Initial Steps

We'll go step by step and cut off every bulkhead and every vent until we have it cornered.

The initial steps are fairly typical for an application of this kind. We will create a server that first listens on a specific TCP port. Then we will change the code to respond to a single incoming request and terminate. As a third step, the server will respond to multiple incoming requests from the same client, and finally it will serve multiple clients.

At the end of the chapter we will have a running application that can be used with the official Redis CLI tool to serve the command PING.

Step 1.1 - Bind to a port#

The first thing we need to do is to create a server that binds to TCP port 6379.

The Rust standard library provides TcpListener [docs] that can be bound to a socket.

use std::net::TcpListener;

 fn main() {
    println!("Hello, world!");
    // Create the TCP listener, bound to the
    // standard Redis port.
    let listener = TcpListener::bind("127.0.0.1:6379").unwrap();

    // Process each incoming connection.
    for stream in listener.incoming() {
        match stream {
            Ok(_stream) => {
                println!("accepted new connection");
            }
            Err(e) => {
                println!("error: {}", e);
            }
        }
    }
 }

This is the classic initial step for a server. We hard-coded the address of the server and the port (127.0.0.1:6379) but in the future we might want to make both values configurable through a specific command line option.

Let's have a look at the code in detail.

use std::net::TcpListener;

fn main() {
    // Create the TCP listener, bound to the
    // standard Redis port.
    let listener = TcpListener::bind("127.0.0.1:6379").unwrap(); 1

    // Process each incoming connection.
    for stream in listener.incoming() { 2
        match stream {
            Ok(_stream) => {
                println!("accepted new connection"); 3
            }
            Err(e) => {
                println!("error: {}", e);
            }
        }
    }
}

• unwrap [docs] 1 is a crude way to extract the Ok value from a Result. It's a convenient method for tests, as it panics if the result is an error, but in production code it might not be the best solution.
• println! [docs] 3 is how we print text on the standard output. While there are more sophisticated ways to debug programs, printing is still a good way to understand what is going on in a system, and to log events.
• A concept implicit in the code above is that of Iterator [docs] which in this case is implemented by Incoming, that is the return type of TcpListener::incoming 2. Iterators are important concepts in every programming language, and we will see many throughout the book.

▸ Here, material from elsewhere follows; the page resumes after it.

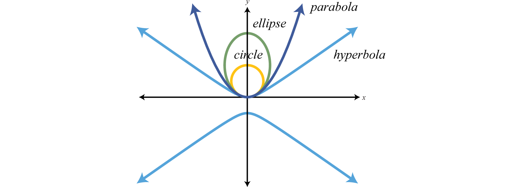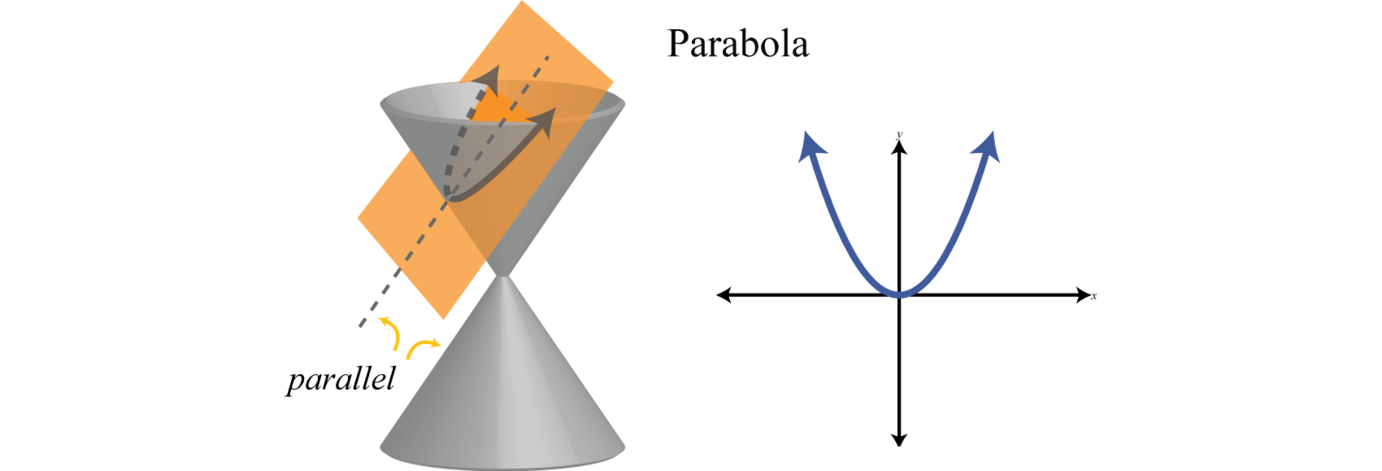 A conic sectionA curve obtained from the intersection of a right circular cone and a plane. is a curve obtained from the intersection of a right circular cone and a plane. The conic sections are the parabola, circle, ellipse, and hyperbola.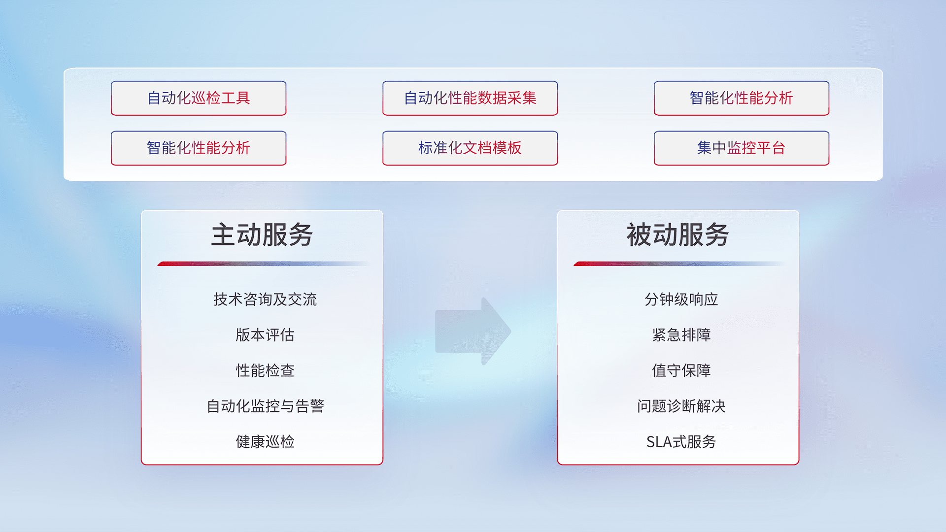 智能化工具和标准化文档,,保障服务质量,,提供主动服务(包含技术咨询、、、版本评估、、、、性能检查、、、、自动化监控与告警、、、、健康巡检)和被动服务包含(分钟级响应、、、、紧急排障、、值守保障、、问题诊断解决、、、、SLA服务)。。。

Testing with the Redis CLI#

Other than using the CodeCrafters tests you can interact with your server using the Redis CLI. Once you installed it in your system you can first run your server with

$ cargo run

or, if you are using the CodeCrafters setup, running

$ spawn_redis_server.sh

and then open a new terminal and run redis-cli

$ redis-cli
127.0.0.1:6379>

The server should react printing the message accepted new connection. You cannot issue commands at the moment, as the server ignores data received through the stream.

Step 1.2 - Respond to PING#

The server has to respond to incoming requests, so the next step is to start listening on the TCP connection and parse the incoming data. Redis uses a binary protocol called Redis Serialization Protocol (RESP), so to understand the request we will eventually have to implement a parser for this protocol.

As a first step, however, we can simply discard the incoming data and send back the same response regardless of the request. The simplest Redis command is PING, which receives the response +PONG\r\n. This is the string PONG encoded as a RESP simple string, as we will see later.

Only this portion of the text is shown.